[RECORD EXTRACTS — start]

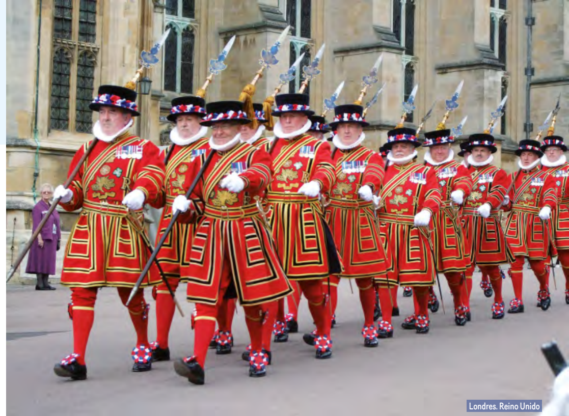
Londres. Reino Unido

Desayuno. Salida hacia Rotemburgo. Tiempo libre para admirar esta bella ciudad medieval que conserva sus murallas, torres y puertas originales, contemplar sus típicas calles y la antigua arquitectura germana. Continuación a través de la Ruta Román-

[RECORD EXTRACTS — finish]
[RECORD EXTRACTS — start]

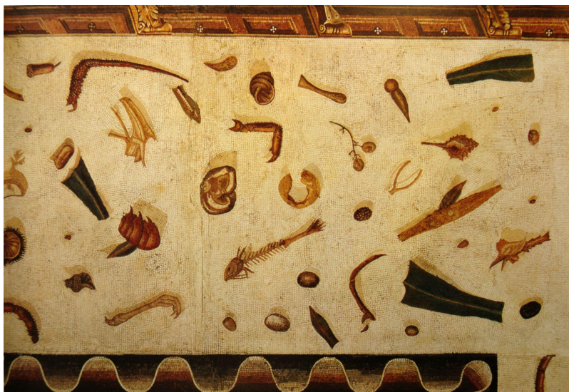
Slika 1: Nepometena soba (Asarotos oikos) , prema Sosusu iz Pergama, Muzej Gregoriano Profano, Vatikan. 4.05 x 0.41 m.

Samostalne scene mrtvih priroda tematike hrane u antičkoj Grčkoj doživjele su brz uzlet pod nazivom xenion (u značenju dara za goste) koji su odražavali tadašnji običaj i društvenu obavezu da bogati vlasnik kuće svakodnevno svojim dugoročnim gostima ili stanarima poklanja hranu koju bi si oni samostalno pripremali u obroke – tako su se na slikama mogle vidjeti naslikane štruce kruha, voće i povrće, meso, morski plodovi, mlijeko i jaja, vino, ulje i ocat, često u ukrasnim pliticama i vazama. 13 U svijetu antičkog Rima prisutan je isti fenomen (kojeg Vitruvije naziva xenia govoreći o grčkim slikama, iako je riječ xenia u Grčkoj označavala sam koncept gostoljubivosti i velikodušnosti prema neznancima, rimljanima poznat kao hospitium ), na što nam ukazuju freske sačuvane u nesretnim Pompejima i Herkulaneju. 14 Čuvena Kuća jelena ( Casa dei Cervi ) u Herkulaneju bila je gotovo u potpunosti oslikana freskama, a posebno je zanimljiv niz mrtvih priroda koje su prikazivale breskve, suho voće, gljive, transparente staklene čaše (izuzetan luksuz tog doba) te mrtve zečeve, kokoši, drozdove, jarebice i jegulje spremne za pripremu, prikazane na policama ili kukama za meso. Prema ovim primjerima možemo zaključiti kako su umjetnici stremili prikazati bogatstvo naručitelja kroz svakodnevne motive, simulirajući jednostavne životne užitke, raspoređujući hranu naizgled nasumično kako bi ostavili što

[RECORD EXTRACTS — finish]

EXERCISE:
Reproduce, exactly as they stand in the data above, the lines from the one that holds "Londres. Reino Unido" to the one that holds "Desayuno. Salida hacia", inclusive.

RESULT:
Londres. Reino Unido

Desayuno. Salida hacia Rotemburgo. Tiempo libre para admirar esta bella ciudad medieval que conserva sus murallas, torres y puertas originales, contemplar sus típicas calles y la antigua arquitectura germana. Continuación a través de la Ruta Román-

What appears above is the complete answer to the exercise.